Exercise instructions: Reproduce everything from the line that contains "廖代表應邀致詞時肯定巴西台商" down to the line that contains "央視網消息(新聞聯播):前不" in the listing below, word for word and nothing more. Leave the pictures out.
*** Information shown ***
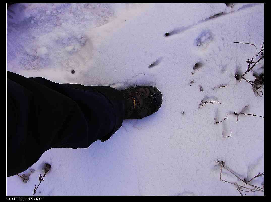 为了进一步测试此鞋的透气性能,12月中旬去东北特意穿了这双鞋。在东北地区零下十几度的环境下,鞋子在防滑性值得赞扬,但令人失望依然是透气性。在穿了一双COOLMAX袜子的情况下,走了几个小时,袜子仍旧出现了大面积的汗迹。
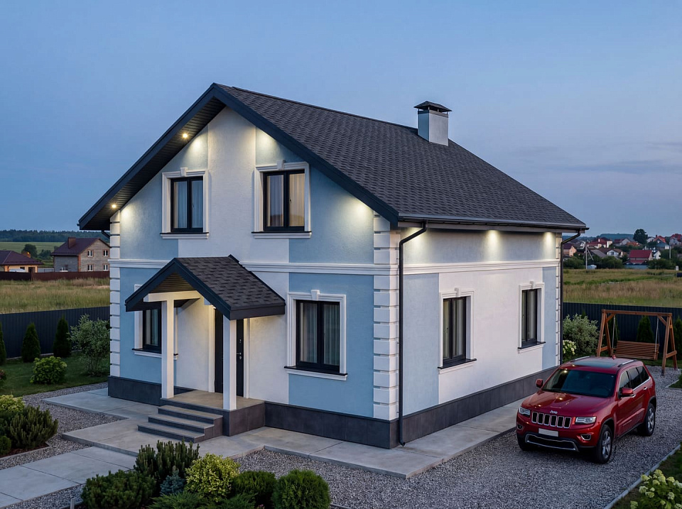 Дом из пеноблоков Роща 3 одноэтажный с мансардой 9х9
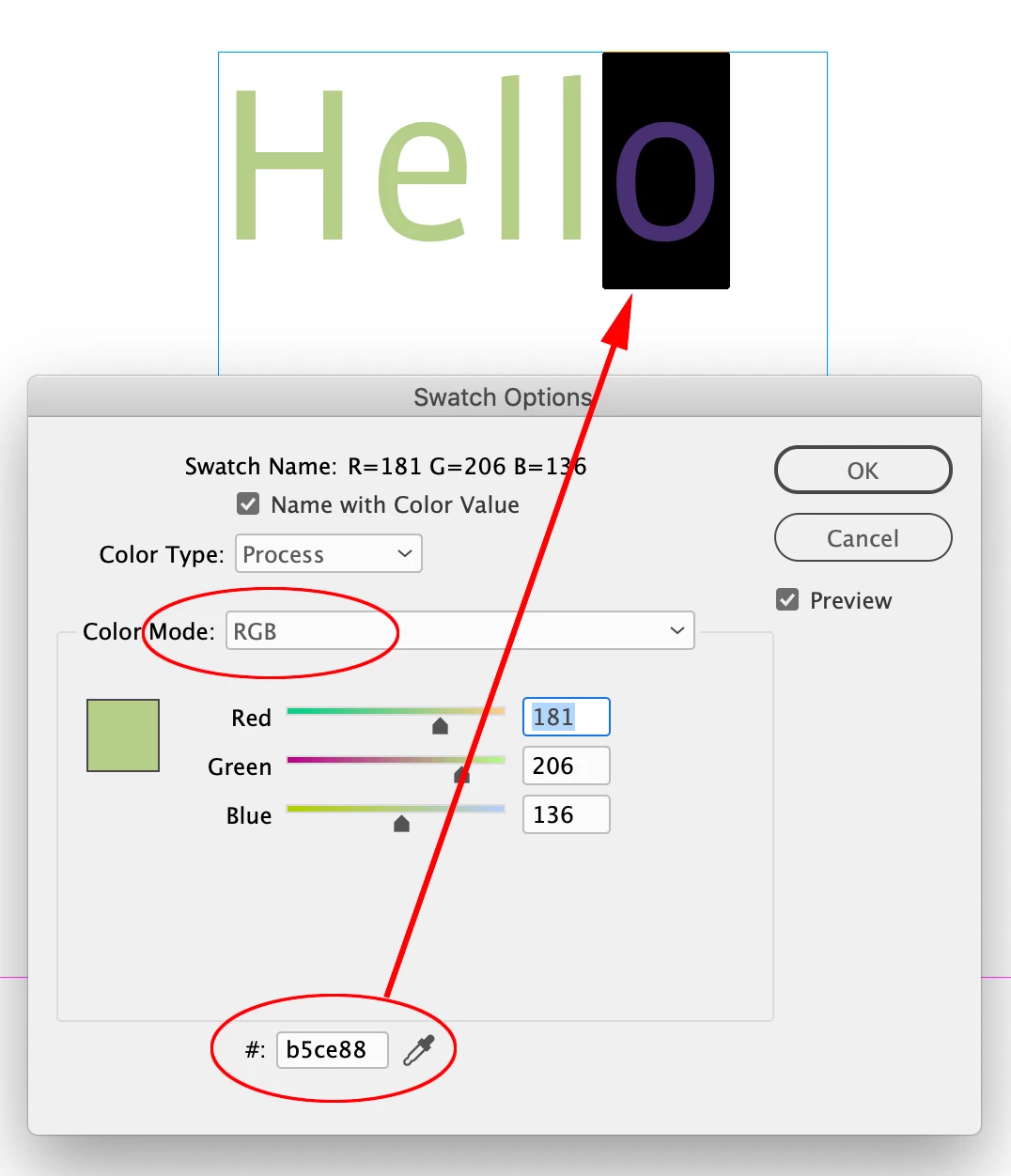 I have a color picked in a different app which is Hex code #B5CE88, however in Indesign it keeps changing to a different Hex code; #B6CE89. Since it's not much of a difference, I used this in my design for a rectangle in the design. However, when I want to use that same Hex code in text it changes to a third color/ hex code, being #b3cc88. Eventually I want my design to be printed so I checked the CMYK % as well, #b3cc88 is 41, 0, 58, 0 (CMYK) and #B6CE89 is 40, 0, 58, 0 (CMYK). When I fill in 40, 0, 58, 0 at CMYK in the color picker it changes to another color with a new hex color (b4cd89)
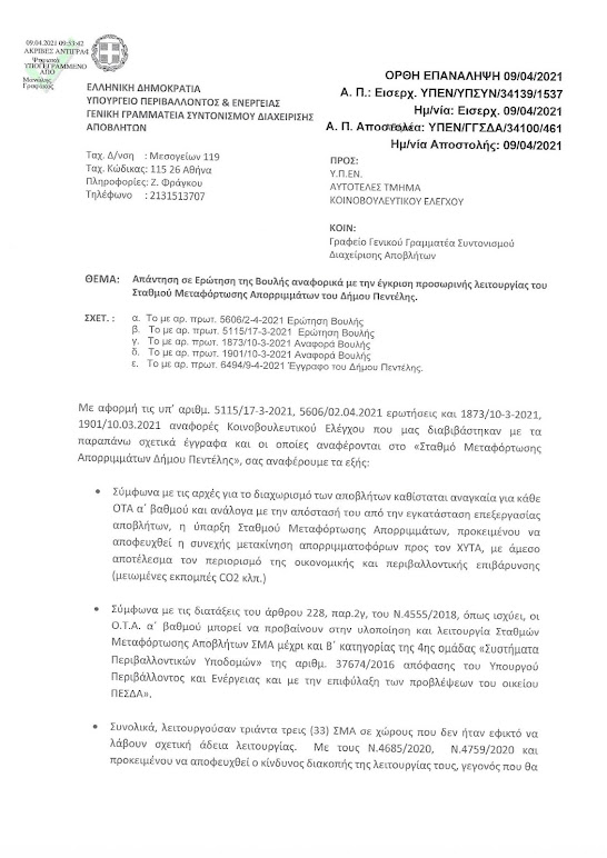 Μόνο σε αυτό το επίπεδο ο κ. Υπουργός εδέησε να απαντήσει μέσω του Γενικού Γραμματέα Συντονισμού Διαχείρισης Αποβλήτων κ. Γραφάκου, επισυνάπτοντας και απάντηση του Δήμου Πεντέλης .
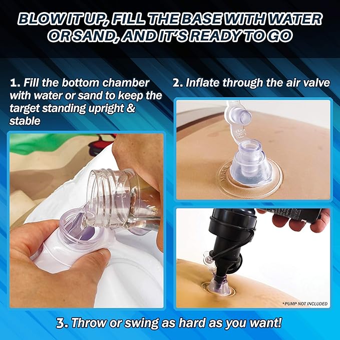 - THE BEST SPORTS INFLATABLE TARGET – The colors and graphics on this carnival game are crisp and sharp. When fully inflated, the sports target measures 5 feet (60 inches) tall and has a 12-inch target opening.
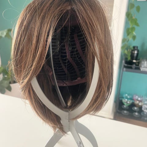Parryk med langt, bølget syntetisk hår i brun nuance med lyse striber.
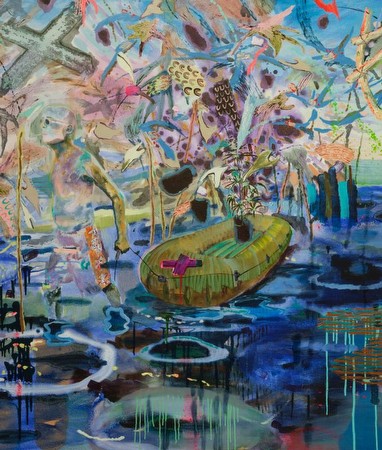 Melanie Daniel Lotus Eaters September 4 - October 11, 2014 Opening Reception: Thursday September 4, 6 - 8 pm Asya Geisberg Gallery is pleased to present "Lotus Eaters", an exhibition of paintings by Canadian-Israeli artist Melanie Daniel. This newest series marks a philosophical shift within Daniel's oeuvre, with a retreat from her previously taut and politically charged milieu into a more languorous hallucinatory landscape. Here, Daniel encodes anxiety based on the turmoil of the Middle East with an increasingly subversive painterly language. While her preceding series "Echo Shield" alluded to an abstracted militarism and surveillance, Daniel's current works initially suggest an idyllic sublimity, only upon closer inspection yielding to a latent content of eerie unease. A post-apocalyptic aura emanates, where quasi-extant lone figures emerge and are in turn disembodied into the murk. The paintings posit a markedly invented language and space, where seemingly peaceful environs slowly suggest a darker edge. A caustic palette, anarchic abstraction, foreign vegetation and tangled marks fight amid a constant flurry of disparate styles. Narratives remain unwritten, as the figure is caught in an oneiric state, disconnected from its environs, unmoored or overburdened with Daniel's whirlwind of cryptic gestures Daniel's newly softened stance belies the conflict that worms its way insidiously into her world. In the titular "Lotus Eater", an allusion to the mythological island-dwellers struck with a narcotic peacefulness, Daniel hints at our utopic wish for apathy. In "Two Shores Away, Still Sloshing", a survivor aimlessly wades beneath a lush overhang, post-calamity, in a psychedelic-colored sky with a curved horizon, towing his lone possession - a marijuana plant. In "Sky's Low Silver" doppelgangers are present in both the lake-reflecting sky and a second ghostly receding figure. Nuclear halos and neon glows subsume the menace of constant conflict, where the individual is absorbed or almost nullified. Influenced by the idiosyncratic narratives of Peter Doig, the impending doom found in Daniel Richter's work, and arch-Canadian painters such as Tom Thompson, Daniel's works expose the hope of escaping back to nature or a hard-won peace as impossible ideals. Every moment carries an aftershock, every place fails to provide refuge from the threat. After studies in Canada, Melanie Daniel completed her BFA and MFA at Bezalel Academy, Israel. Daniel has had numerous exhibitions in Israel and abroad, including solo exhibitions at the Tel Aviv Museum of Art, Chelouche Gallery, Tel Aviv, Kelowna Art Gallery, BC, and Noga Gallery of Contemporary Art, Tel Aviv, among others. Her work is included in collections such as the Tel Aviv Museum of Art, Harvard Business School, and the Brandes Family Art Collection. Daniel's 2012 video piece, "Busted" received extensive press including CBC/Radio Canada, and additional press includes Newsweek, Frieze, Haaretz, Artsy, Beautiful Decay, and the Artists Magazine. Daniel is the recipient of a Pollock-Krasner Foundation Grant, a New York Foundation for the Arts Grant, the 2009 Rappaport Prize for a Young Israeli Painter, a Creative Capital Grant, and the NARS Foundation Residency in New York City. This is her third solo exhibition at Asya Geisberg Gallery. Asya Geisberg Gallery 537B West 23rd Street New York, NY 10011 (212) 675-7525 [email protected] www.asyageisberggallery.com Gallery hours: 11am - 6pm Tuesday through Saturday. |
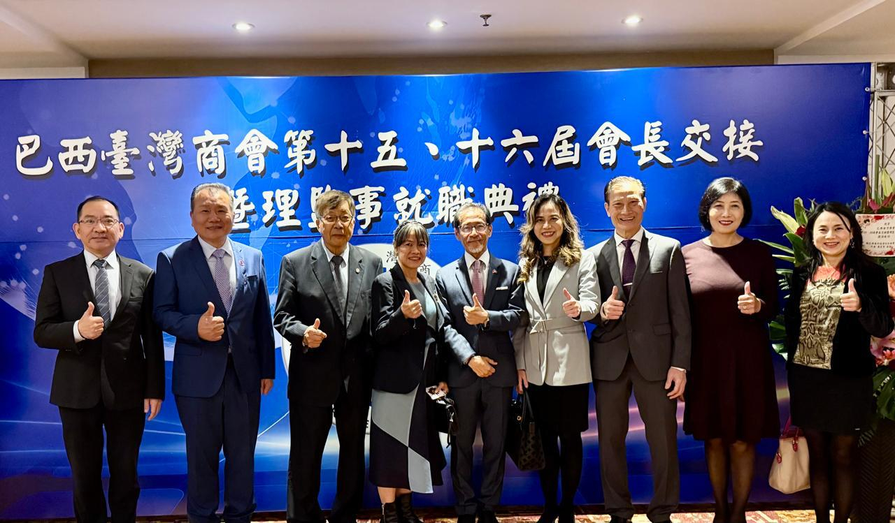 廖代表應邀致詞時肯定巴西台商會舉辦多種經貿及公益慈善活動,團結僑社,凝聚僑胞向心力,融入巴西主流社會並增加台灣能見度,見證台灣軟實力。廖代表並轉致僑委會徐委員長佳青感謝函肯定蔡逢興會長擔任2屆共4年任期帶領會務發展,以及委員長賀函恭喜葉倫群榮任會長,期盼引領新局再創新猷。活動進行至晚間10時,圓滿成功。
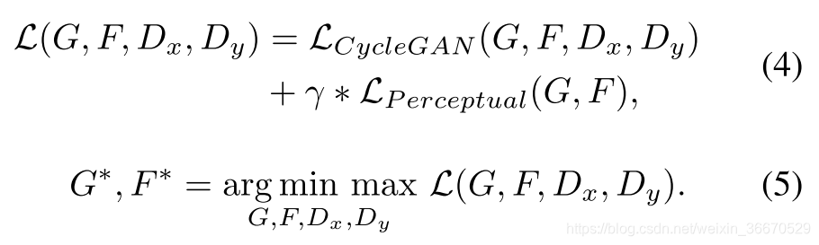 是CycleGAN [37]体系结构的全部目标,D代表鉴别器,γ控制循环感知一致性损失的效果:
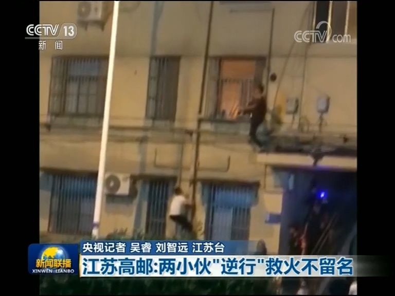 央視網消息(新聞聯播):前不久,在江蘇高郵,路過的行人發現二樓一居民家的廚房著火,火光越來越大。兩名年輕人不顧自身危險挺身而出,爬樓破窗救火,事后又不留姓名悄悄離開。
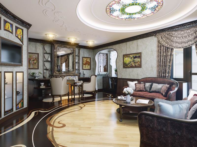 Историческому месту приличествует исторический стиль: интерьер дома в Пушкине выполнен в основном в стиле модерн, который стал визитной карточкой серебряного века русской культуры. Интерьер в стиле модерн - один из самых поэтичных и одухотворенных. Еще недавно считалось, что искусство модерна уже далеко в прошлом. Сверкнув на рубеже веков, блистательный ар-нуво, казалось, навсегда сметен бурной эпохой войн и социальных потрясений. Однако его художественные идеи были столь плодотворны, что и спустя более 100 лет они оказались востребованы, тем более что новые технологии и материалы позволяют эффективно воплотить их в жизнь. Но дизайнеры не ограничились одним стилем. Добавив немного античности, немного ар-деко, немного современности, они сделали жизнь в доме подобной путешествию во времени.
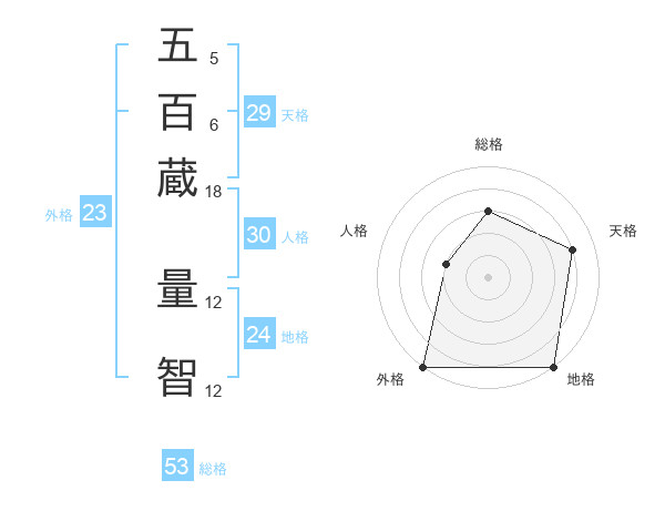 五百蔵 量智さんの総格は53画の3点!
*** End of Information shown ***
Task solution:
 廖代表應邀致詞時肯定巴西台商會舉辦多種經貿及公益慈善活動,團結僑社,凝聚僑胞向心力,融入巴西主流社會並增加台灣能見度,見證台灣軟實力。廖代表並轉致僑委會徐委員長佳青感謝函肯定蔡逢興會長擔任2屆共4年任期帶領會務發展,以及委員長賀函恭喜葉倫群榮任會長,期盼引領新局再創新猷。活動進行至晚間10時,圓滿成功。
 是CycleGAN [37]体系结构的全部目标,D代表鉴别器,γ控制循环感知一致性损失的效果:
 央視網消息(新聞聯播):前不久,在江蘇高郵,路過的行人發現二樓一居民家的廚房著火,火光越來越大。兩名年輕人不顧自身危險挺身而出,爬樓破窗救火,事后又不留姓名悄悄離開。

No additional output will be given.